• Work required
From the line with "Das korallefarbene Still- und" through the line with "Diamond Titan FX", repeat the entries verbatim, both end lines included, and add nothing.

Stored data:
----
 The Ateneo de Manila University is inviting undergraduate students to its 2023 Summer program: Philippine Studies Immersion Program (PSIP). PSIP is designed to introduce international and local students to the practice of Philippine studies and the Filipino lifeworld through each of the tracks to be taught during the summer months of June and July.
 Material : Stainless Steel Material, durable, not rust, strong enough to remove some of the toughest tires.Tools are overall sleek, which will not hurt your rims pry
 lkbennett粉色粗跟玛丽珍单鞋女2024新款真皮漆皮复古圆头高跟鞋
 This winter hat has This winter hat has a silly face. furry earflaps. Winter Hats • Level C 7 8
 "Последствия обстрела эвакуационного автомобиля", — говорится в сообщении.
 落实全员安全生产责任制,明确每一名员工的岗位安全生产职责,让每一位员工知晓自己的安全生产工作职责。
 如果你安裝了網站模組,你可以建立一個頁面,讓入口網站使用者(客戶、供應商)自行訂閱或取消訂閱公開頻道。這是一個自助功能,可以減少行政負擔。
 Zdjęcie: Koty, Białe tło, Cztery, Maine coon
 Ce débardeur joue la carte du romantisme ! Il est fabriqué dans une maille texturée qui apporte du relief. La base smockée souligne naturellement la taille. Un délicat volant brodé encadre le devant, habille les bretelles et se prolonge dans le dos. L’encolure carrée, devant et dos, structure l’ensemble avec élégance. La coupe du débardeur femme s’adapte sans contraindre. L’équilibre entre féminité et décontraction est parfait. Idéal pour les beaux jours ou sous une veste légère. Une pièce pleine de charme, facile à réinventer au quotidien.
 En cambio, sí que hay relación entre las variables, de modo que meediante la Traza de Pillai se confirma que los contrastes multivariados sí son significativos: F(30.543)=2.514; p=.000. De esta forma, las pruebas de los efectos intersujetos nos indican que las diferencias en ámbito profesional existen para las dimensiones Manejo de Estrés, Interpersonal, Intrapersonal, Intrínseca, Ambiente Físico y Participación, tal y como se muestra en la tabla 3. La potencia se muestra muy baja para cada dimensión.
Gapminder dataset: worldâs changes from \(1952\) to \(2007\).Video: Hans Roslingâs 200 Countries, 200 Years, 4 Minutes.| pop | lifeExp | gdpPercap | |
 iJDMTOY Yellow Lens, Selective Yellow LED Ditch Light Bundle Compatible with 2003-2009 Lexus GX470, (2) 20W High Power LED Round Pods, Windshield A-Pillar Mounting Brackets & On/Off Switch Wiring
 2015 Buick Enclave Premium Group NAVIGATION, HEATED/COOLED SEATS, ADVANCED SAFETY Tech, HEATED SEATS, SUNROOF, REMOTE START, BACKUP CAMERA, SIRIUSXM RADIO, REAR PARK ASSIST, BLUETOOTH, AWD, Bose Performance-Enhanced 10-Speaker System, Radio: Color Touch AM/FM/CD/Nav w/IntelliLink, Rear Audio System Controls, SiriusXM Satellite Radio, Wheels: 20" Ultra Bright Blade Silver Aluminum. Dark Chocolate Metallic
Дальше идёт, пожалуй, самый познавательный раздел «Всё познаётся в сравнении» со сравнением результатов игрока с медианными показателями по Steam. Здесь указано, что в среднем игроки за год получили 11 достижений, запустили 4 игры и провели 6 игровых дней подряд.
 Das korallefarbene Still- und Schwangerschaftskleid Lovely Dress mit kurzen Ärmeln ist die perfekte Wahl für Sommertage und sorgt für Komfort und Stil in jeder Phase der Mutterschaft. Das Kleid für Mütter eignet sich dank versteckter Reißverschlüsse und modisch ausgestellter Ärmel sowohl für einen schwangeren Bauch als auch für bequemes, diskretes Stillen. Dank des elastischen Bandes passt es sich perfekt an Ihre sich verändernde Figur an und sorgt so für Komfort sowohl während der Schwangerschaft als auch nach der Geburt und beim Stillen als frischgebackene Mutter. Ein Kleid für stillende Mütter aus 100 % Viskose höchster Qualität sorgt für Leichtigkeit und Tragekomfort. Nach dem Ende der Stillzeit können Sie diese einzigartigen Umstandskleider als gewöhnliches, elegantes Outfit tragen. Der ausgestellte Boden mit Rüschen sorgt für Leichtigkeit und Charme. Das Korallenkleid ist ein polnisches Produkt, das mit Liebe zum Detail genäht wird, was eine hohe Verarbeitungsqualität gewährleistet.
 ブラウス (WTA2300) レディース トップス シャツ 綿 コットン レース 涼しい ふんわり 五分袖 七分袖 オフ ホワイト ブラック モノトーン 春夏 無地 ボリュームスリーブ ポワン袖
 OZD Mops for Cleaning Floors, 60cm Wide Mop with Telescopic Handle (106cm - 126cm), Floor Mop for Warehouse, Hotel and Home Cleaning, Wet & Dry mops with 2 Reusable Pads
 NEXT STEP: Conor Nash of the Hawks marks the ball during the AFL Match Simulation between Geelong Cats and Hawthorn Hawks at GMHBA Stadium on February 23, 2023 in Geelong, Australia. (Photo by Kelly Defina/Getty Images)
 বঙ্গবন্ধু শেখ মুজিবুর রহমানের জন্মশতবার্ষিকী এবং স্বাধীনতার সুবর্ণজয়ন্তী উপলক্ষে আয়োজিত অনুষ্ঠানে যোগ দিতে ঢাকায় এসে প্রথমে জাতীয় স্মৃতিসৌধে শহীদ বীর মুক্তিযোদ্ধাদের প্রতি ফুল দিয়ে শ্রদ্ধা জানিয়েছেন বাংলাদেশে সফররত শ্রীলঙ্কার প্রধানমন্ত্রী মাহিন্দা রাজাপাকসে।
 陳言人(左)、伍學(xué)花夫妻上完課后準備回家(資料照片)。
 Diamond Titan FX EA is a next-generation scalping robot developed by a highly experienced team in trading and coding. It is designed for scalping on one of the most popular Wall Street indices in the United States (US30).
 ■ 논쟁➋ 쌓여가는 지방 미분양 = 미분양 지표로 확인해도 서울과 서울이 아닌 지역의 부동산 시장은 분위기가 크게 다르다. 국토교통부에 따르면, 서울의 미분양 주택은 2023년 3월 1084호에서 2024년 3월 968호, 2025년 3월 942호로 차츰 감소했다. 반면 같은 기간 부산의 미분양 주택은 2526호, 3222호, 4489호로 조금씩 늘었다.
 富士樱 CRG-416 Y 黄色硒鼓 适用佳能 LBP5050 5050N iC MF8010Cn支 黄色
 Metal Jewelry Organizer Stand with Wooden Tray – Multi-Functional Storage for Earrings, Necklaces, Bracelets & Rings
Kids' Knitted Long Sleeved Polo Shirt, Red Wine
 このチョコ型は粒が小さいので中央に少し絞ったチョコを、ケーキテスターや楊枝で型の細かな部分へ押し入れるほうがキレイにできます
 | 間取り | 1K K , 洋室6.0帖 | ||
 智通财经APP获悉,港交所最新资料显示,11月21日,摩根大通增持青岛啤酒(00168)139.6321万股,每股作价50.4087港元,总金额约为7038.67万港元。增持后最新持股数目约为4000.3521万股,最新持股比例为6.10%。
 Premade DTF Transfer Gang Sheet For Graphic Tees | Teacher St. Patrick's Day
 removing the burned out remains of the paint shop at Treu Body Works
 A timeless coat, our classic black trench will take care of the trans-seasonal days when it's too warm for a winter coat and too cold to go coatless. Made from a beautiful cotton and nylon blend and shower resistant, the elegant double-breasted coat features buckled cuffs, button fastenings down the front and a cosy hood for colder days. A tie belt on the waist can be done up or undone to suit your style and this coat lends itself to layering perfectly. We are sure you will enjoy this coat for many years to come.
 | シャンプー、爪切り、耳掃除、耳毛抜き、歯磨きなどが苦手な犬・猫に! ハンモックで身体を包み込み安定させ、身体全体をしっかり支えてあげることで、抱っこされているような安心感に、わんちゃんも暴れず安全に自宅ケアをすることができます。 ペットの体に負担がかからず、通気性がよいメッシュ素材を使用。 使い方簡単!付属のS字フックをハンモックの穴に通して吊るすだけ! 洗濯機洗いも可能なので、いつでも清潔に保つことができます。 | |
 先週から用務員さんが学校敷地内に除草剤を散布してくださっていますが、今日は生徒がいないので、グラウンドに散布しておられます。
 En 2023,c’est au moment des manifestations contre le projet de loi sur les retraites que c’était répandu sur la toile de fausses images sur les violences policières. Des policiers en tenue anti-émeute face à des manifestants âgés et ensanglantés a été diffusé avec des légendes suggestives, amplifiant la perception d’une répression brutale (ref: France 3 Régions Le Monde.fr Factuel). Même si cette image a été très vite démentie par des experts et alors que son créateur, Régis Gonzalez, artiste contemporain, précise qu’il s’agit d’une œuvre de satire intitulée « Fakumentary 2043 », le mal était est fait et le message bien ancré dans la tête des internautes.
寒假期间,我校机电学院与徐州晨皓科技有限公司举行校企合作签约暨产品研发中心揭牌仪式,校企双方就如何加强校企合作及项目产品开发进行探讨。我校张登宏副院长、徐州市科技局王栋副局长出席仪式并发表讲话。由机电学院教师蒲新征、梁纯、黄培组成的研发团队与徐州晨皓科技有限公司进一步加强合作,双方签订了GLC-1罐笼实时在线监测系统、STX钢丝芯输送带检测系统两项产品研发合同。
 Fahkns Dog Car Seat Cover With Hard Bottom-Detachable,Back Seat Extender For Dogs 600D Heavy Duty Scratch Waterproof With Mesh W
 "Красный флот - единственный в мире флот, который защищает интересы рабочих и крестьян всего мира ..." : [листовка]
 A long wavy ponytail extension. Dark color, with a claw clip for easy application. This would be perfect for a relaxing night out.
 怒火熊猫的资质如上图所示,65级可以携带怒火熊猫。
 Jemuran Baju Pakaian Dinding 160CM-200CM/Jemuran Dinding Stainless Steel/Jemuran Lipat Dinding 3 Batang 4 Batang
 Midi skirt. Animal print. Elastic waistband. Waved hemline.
----
• Solution to the problem
 Das korallefarbene Still- und Schwangerschaftskleid Lovely Dress mit kurzen Ärmeln ist die perfekte Wahl für Sommertage und sorgt für Komfort und Stil in jeder Phase der Mutterschaft. Das Kleid für Mütter eignet sich dank versteckter Reißverschlüsse und modisch ausgestellter Ärmel sowohl für einen schwangeren Bauch als auch für bequemes, diskretes Stillen. Dank des elastischen Bandes passt es sich perfekt an Ihre sich verändernde Figur an und sorgt so für Komfort sowohl während der Schwangerschaft als auch nach der Geburt und beim Stillen als frischgebackene Mutter. Ein Kleid für stillende Mütter aus 100 % Viskose höchster Qualität sorgt für Leichtigkeit und Tragekomfort. Nach dem Ende der Stillzeit können Sie diese einzigartigen Umstandskleider als gewöhnliches, elegantes Outfit tragen. Der ausgestellte Boden mit Rüschen sorgt für Leichtigkeit und Charme. Das Korallenkleid ist ein polnisches Produkt, das mit Liebe zum Detail genäht wird, was eine hohe Verarbeitungsqualität gewährleistet.
 ブラウス (WTA2300) レディース トップス シャツ 綿 コットン レース 涼しい ふんわり 五分袖 七分袖 オフ ホワイト ブラック モノトーン 春夏 無地 ボリュームスリーブ ポワン袖
 OZD Mops for Cleaning Floors, 60cm Wide Mop with Telescopic Handle (106cm - 126cm), Floor Mop for Warehouse, Hotel and Home Cleaning, Wet & Dry mops with 2 Reusable Pads
 NEXT STEP: Conor Nash of the Hawks marks the ball during the AFL Match Simulation between Geelong Cats and Hawthorn Hawks at GMHBA Stadium on February 23, 2023 in Geelong, Australia. (Photo by Kelly Defina/Getty Images)
 বঙ্গবন্ধু শেখ মুজিবুর রহমানের জন্মশতবার্ষিকী এবং স্বাধীনতার সুবর্ণজয়ন্তী উপলক্ষে আয়োজিত অনুষ্ঠানে যোগ দিতে ঢাকায় এসে প্রথমে জাতীয় স্মৃতিসৌধে শহীদ বীর মুক্তিযোদ্ধাদের প্রতি ফুল দিয়ে শ্রদ্ধা জানিয়েছেন বাংলাদেশে সফররত শ্রীলঙ্কার প্রধানমন্ত্রী মাহিন্দা রাজাপাকসে।
 陳言人(左)、伍學(xué)花夫妻上完課后準備回家(資料照片)。
 Diamond Titan FX EA is a next-generation scalping robot developed by a highly experienced team in trading and coding. It is designed for scalping on one of the most popular Wall Street indices in the United States (US30).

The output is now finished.